2. Ascertaining the differences between the prior art and the claims at issue.
3. Resolving the level of ordinary skill in the pertinent art.
4. Considering objective evidence present in the application indicating obviousness or nonobviousness.
Claim(s) 1-8, 10-17, 19 and 20 are rejected under 35 U.S.C. 103 as being unpatentable over Fang et al. (FlexDNN: Input-Adaptive On-Device Deep Learning for Efficient Mobile Vision) in view of Kouri et al. (US 20230128637).
Regarding claims 1, 11 and 20, Fang discloses: A system comprising:
one or more processors and; non-transitory memory coupled to the one or more processors and storing computer-readable instructions that, when executed by the one or more processors, cause the one or more processors to:
determine a neural network element of a first compute path within a neural network model, the first compute path comprising a plurality of neural network elements including the neural network element, wherein the neural network element comprises at least one of a neural network layer and a neural network node, and wherein the first compute path is trained to perform an operation based on input data (Fig 6 each box is a layer and each layer implicitly contains nodes, data flow hard is on a first compute path);
determine a second compute path comprising the neural network element and a different plurality of neural network elements, the second compute path having at least one of a smaller size than the first compute path, a lower latency than the first compute path, and a smaller compute cost than the second compute path (Fig 6 data flow easy is on a second compute path that has a smaller size, latency and compute cost than the hard path);
select, based on one or more conditions, whether to process data from the neural network element through the first compute path or the second compute path (Fig 6 early exit decision blocks); and
process the data from the neural network element through the selected one of the first compute path or the second compute path (Fig 6 easy or hard path depending on input).

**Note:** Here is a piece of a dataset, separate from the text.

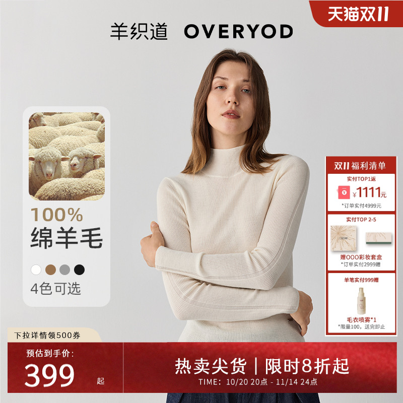 【100%绵羊毛】羊织道树莓打底衫春秋上衣针织衫内搭白色毛衣女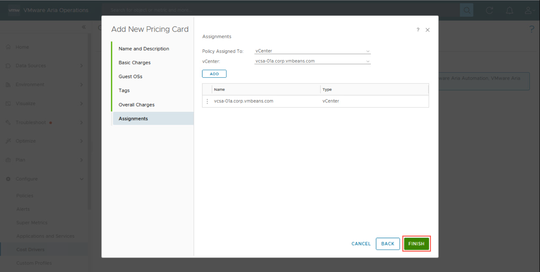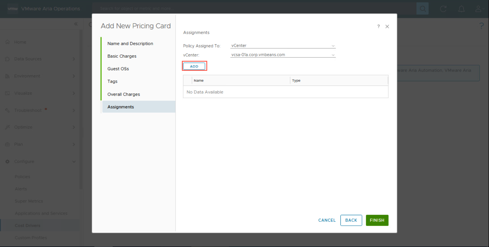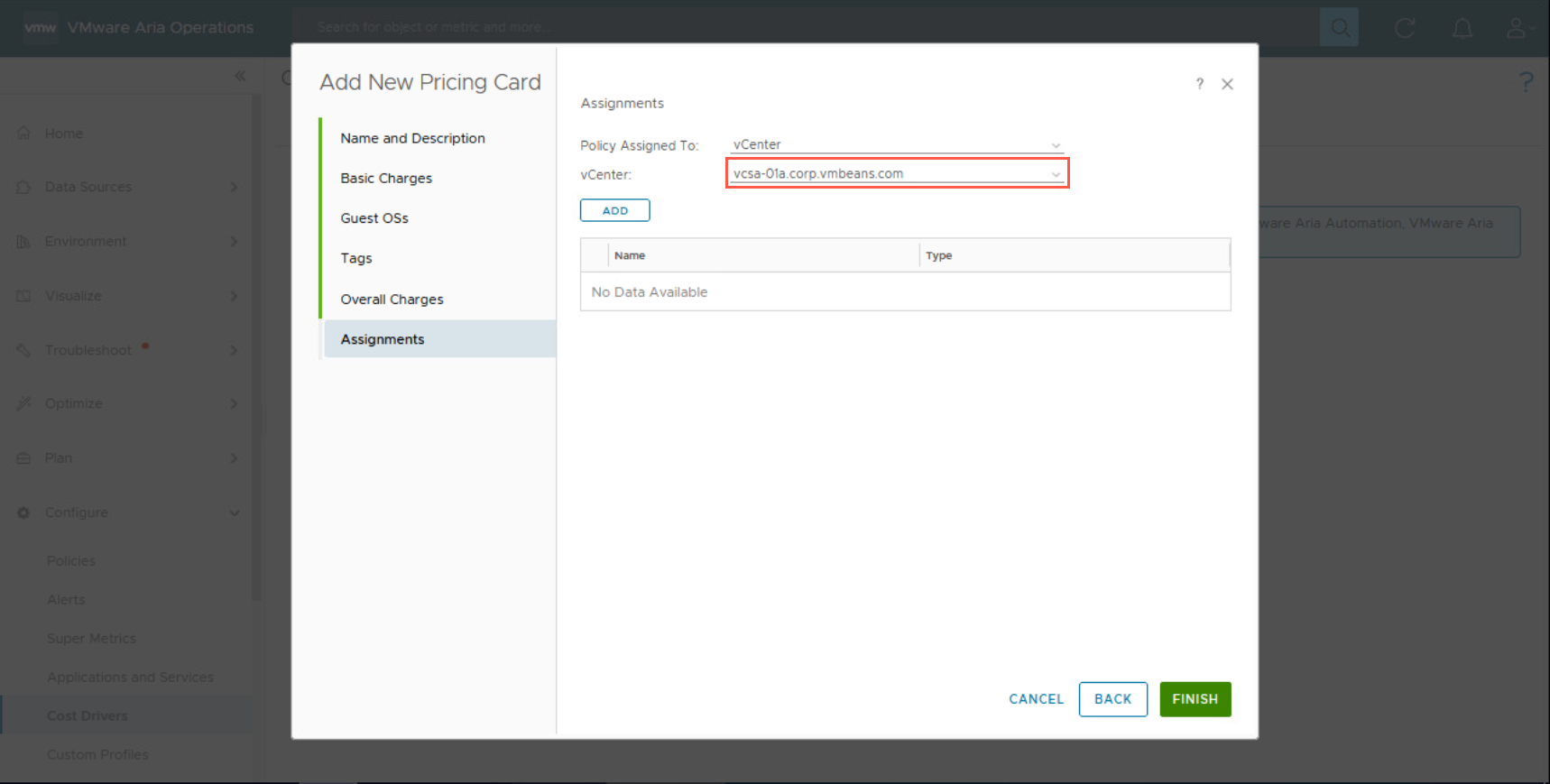 - At the Add New Pricing Card dialog, under Assignments, select vcenter.fqdn from the vCenter dropdown.

Fang does not explicitly disclose:
wherein the second compute path is trained to perform the same operation as the first compute path based on the input data;
prior to processing data from the neural network element with the first compute path and the second compute path, select.
Wherein the second compute path is trained to perform the same operation as the first compute path based on the input data (“As mentioned above, the present techniques provide a method for training a ML model which has the form of a multi-exit semantic segmentation network (or progressive segmentation network). The network comprises numerous early-exit points (i.e. segmentation heads) attached to different depths of a backbone convolutional neural network (CNN) architecture. This offers segmentation predictions with varying workload (and accuracy) characteristics, introducing a “train-once-deploy-everywhere” approach for efficient semantic segmentation. Advantageously, this means that the network can be parametrised without the need to retrain in order to be deployed across heterogeneous target devices of varying capabilities (low to high end).” [0074]);
Prior to processing data from the neural network element with the first compute path and the second compute path, select (“[0075] The ML model of the present techniques can accommodate a wide range of diverse deployment scenarios, including, for example: [0076] extracting workload-lighter sub-models for deployment on devices with varying computation capabilities (e.g. mobile phones) to satisfy latency constraints by completely skipping parts of the computation. [0077] selecting computation path at runtime, according to allocation of available resources on the target device, based on compute load, so as to preserve consistent prediction latency. [0078] obtaining a rapid approximation of the prediction in early-stages of the computation and progressively refining it over time. [0079] selecting computation path at run time, according to the difficulty of each input sample/prediction confidence obtained at different computation stages. [0080] partitioning the model for synergistic cloud-device execution (i.e. computation offloading), while still being able to obtain an approximation of the final prediction relying solely to the on-board computational resources (to address network availability/quality issues). [0081] incorporating specialist segmentation exits, focusing on a different set of classes (e.g. humans/pets) or fine-tuned on a user-centric data distribution (e.g. indoor/outdoor)”)
Fang and Kouris are in the same field of endeavor of neural network compute path selection and are analogous. Fang discloses using different compute paths based on input difficulty. Kouris teaches several methods and reasons for selecting a modified compute path including hardware latency and availability. It would have been obvious to one of ordinary skill in the art before the effective filing date to modify the compute path selection of Fang to utilize known other reasons for selecting the second compute path as taught by Kouris to yield predictable results.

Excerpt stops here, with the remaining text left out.